PROBLEM TO WORK ON:
Only an exact repetition of the lines from the one that holds "Ein praktischer Arzt" to the end of the records is wanted.

[Source data]
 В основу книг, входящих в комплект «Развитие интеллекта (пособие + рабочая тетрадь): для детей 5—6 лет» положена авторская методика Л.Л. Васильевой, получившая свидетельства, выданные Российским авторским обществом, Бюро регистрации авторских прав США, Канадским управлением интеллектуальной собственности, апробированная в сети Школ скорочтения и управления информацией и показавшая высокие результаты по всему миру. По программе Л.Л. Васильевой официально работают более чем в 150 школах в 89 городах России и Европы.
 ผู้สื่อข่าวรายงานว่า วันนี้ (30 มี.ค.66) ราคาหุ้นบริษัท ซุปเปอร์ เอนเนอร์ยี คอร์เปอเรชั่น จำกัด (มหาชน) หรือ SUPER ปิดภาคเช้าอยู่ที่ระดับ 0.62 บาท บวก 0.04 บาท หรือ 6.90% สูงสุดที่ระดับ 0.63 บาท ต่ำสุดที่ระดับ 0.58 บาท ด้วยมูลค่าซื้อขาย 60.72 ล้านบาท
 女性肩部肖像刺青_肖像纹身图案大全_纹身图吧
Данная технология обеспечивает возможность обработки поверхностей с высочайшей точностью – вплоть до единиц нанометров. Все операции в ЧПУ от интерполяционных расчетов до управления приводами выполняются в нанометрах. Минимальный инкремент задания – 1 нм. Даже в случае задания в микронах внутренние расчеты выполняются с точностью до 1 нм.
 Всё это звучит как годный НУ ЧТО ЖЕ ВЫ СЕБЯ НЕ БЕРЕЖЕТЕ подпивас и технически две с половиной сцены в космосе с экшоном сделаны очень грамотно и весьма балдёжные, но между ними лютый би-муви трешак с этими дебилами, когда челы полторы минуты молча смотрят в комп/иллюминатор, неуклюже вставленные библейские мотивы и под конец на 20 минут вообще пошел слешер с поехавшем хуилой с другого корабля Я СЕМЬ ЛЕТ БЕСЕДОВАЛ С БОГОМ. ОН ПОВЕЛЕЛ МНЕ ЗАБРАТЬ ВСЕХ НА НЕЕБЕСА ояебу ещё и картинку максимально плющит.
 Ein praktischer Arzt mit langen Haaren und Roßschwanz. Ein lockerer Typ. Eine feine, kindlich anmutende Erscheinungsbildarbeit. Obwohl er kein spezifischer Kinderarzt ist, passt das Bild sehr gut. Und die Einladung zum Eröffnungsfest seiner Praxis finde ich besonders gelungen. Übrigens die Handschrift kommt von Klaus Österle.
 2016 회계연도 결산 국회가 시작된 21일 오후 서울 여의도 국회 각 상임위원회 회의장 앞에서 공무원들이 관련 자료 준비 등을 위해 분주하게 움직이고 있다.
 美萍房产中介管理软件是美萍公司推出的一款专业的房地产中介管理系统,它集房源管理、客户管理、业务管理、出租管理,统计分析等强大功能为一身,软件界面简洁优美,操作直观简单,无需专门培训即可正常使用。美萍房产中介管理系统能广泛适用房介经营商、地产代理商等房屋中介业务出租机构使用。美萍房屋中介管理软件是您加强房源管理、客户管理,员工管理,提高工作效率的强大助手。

SOLUTION:
 Ein praktischer Arzt mit langen Haaren und Roßschwanz. Ein lockerer Typ. Eine feine, kindlich anmutende Erscheinungsbildarbeit. Obwohl er kein spezifischer Kinderarzt ist, passt das Bild sehr gut. Und die Einladung zum Eröffnungsfest seiner Praxis finde ich besonders gelungen. Übrigens die Handschrift kommt von Klaus Österle.
 2016 회계연도 결산 국회가 시작된 21일 오후 서울 여의도 국회 각 상임위원회 회의장 앞에서 공무원들이 관련 자료 준비 등을 위해 분주하게 움직이고 있다.
 美萍房产中介管理软件是美萍公司推出的一款专业的房地产中介管理系统,它集房源管理、客户管理、业务管理、出租管理,统计分析等强大功能为一身,软件界面简洁优美,操作直观简单,无需专门培训即可正常使用。美萍房产中介管理系统能广泛适用房介经营商、地产代理商等房屋中介业务出租机构使用。美萍房屋中介管理软件是您加强房源管理、客户管理,员工管理,提高工作效率的强大助手。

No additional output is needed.